The first iteration allows us to see into an open room with a clarity of form, just without too much detail. We can understand what we are looking at within that artwork, but this follow up involves a sudden leap towards more abstract forms. We have a large vase in front of us, filled with stunning tones of green, but then the rest of the composition is dominated by black outlines which boldly create form, but without any colour fills to help us to identify specific things within the room. Are these two paintings intended to help the artist to tell us about the journey that he is now on? The comparison between the two gives us a simple visual demonstration of how he used different amounts of abstraction within his work during this period of his career.
The artist went on a path of discovery between around 1911 and 1914 where he threw himself into a cubist style. You will find different arrangements of objects converted into this modern format, no doubt inspired by a number of French painters who had drawn attention to this alternative way of creating and depicting form. This was not to be something that Mondrian persisted with too much beyond this period, but it was still a significant time which helped push him further into the world of abstract art. The comparison of just these two paintings can help to underline his progression from the earlier landscape paintings to the later neoplasticism, which was to become his signature approach in the decades to come.

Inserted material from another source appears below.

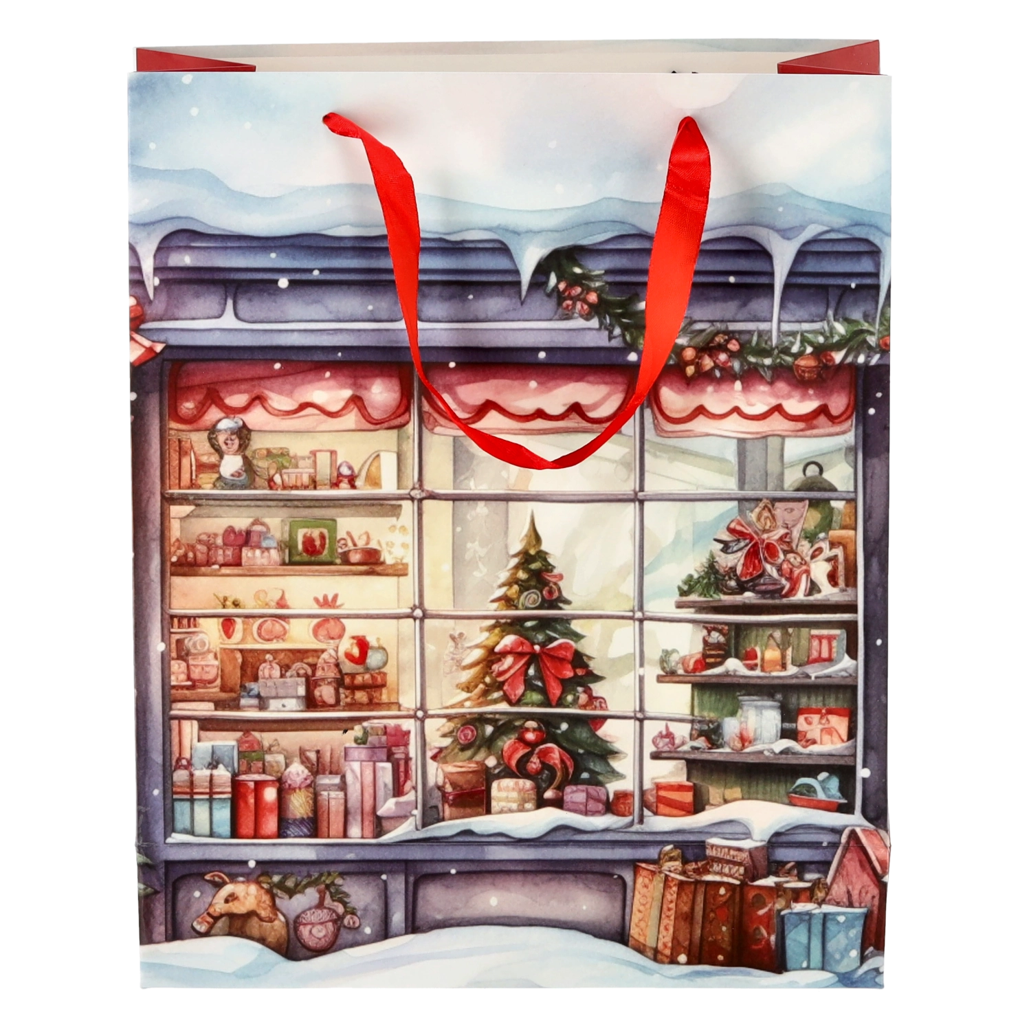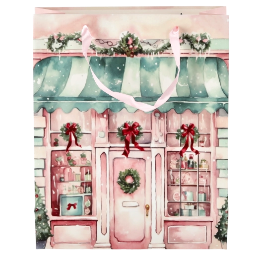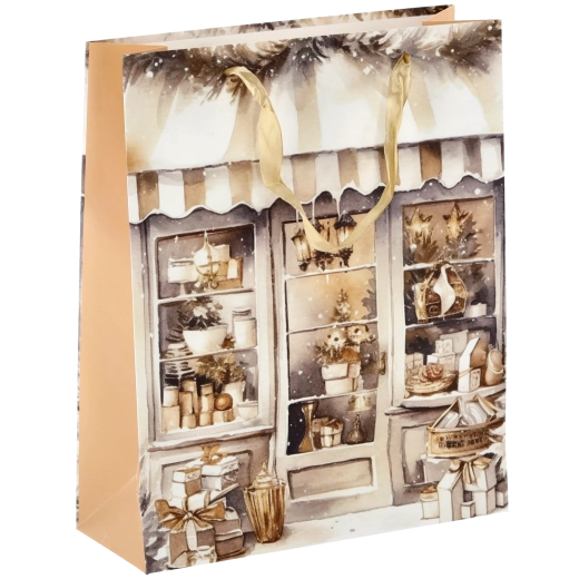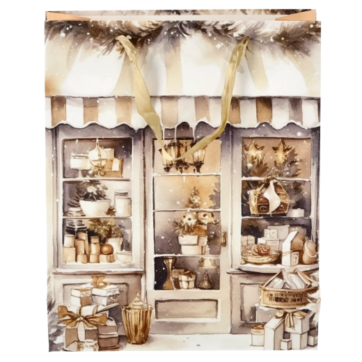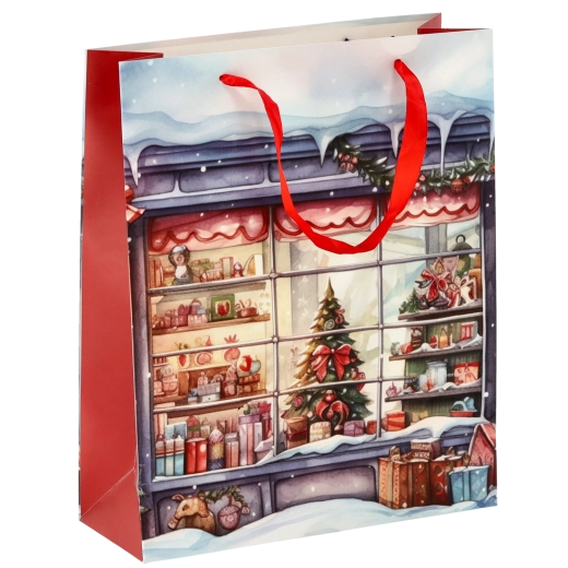 Dodajte svojim darčekom sviatočný lesk. Táto vianočná taška s čarovným motívom domčeka má lesklý laminovaný povrch, ktorý zvýrazní farby a dodá baleniu luxusný vzhľad. Vďaka pevnej papierovej konštrukcii si drží tvar a chráni obsah pred pokrčením.

Head to the Gemeentemuseum in the Hague to see this painting up close. There are a number of other pieces from his career within their collection as well, whilst the rest is dispersed across the world, with some in European and North American private collections, with others to be found in major public art galleries and museums, such as Tate Modern in London, UK. His abstract work remains the most prominent part of his career but there is much more to see for those willing to spend time looking deeper into his career oeuvre.